Data below:
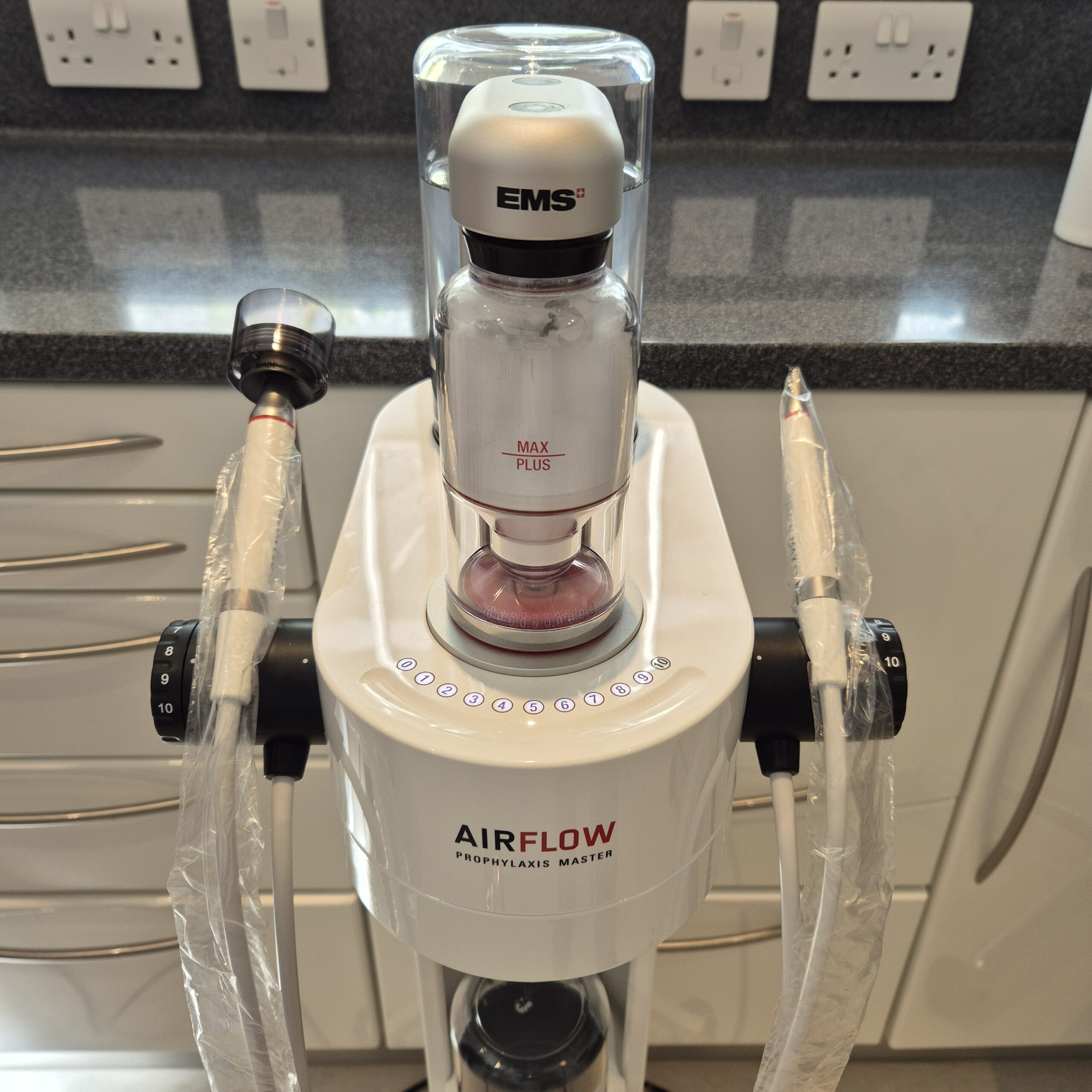 EMS Airflow treatment uses a high-powered spray to project water, bicarbonate, and compressed air onto the teeth, and clean away areas of plaque and gently remove yellow, brown, or grey stains. The spray technology ensures hard-to-reach areas can be accessed and treated effectively in a fast and non-invasive way.
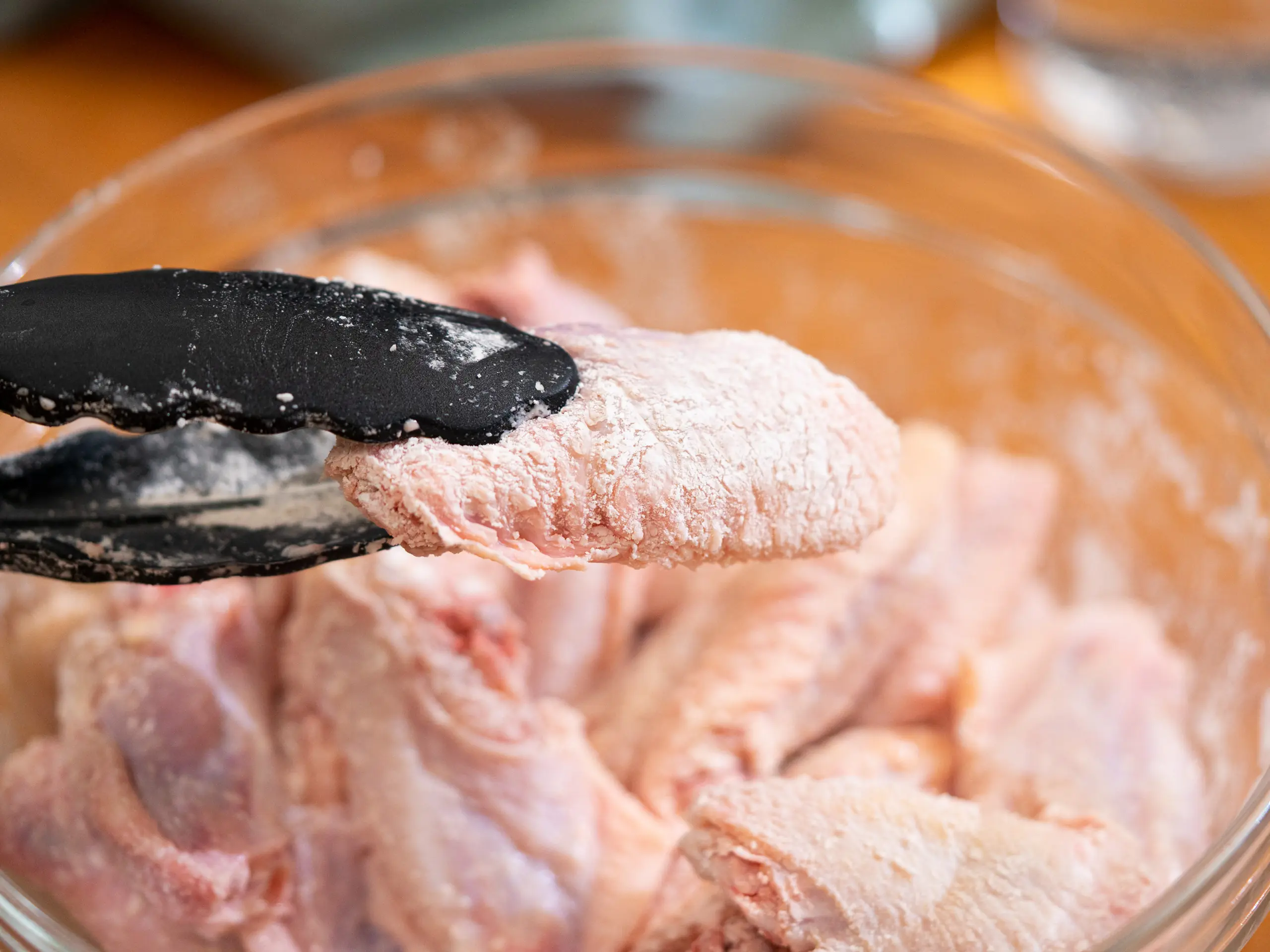 In a large bowl, combine Corn Starch (4 Tbsp), Kosher Salt (2 tsp), and Baking Powder (1/2 tsp). Add the Chicken Wings (2 lb) and toss to coat. Shake off any extra seasoning and transfer to a tray. Let it sit in the fridge uncovered for 30 minutes (up to overnight).
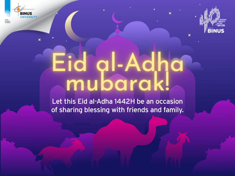 Let this Eid al-Adha 1442H be an occasion of sharing blessing with friends and family. Heartiest regards to you, your colleagues, and your family from BINUS UNIVERSITY!

Exercise: An acceptable answer consists of the lines above from the one holding "In a large bowl, combine" to the end of the data, repeated exactly and containing no pictures.

Answer to this exercise:
 In a large bowl, combine Corn Starch (4 Tbsp), Kosher Salt (2 tsp), and Baking Powder (1/2 tsp). Add the Chicken Wings (2 lb) and toss to coat. Shake off any extra seasoning and transfer to a tray. Let it sit in the fridge uncovered for 30 minutes (up to overnight).
 Let this Eid al-Adha 1442H be an occasion of sharing blessing with friends and family. Heartiest regards to you, your colleagues, and your family from BINUS UNIVERSITY!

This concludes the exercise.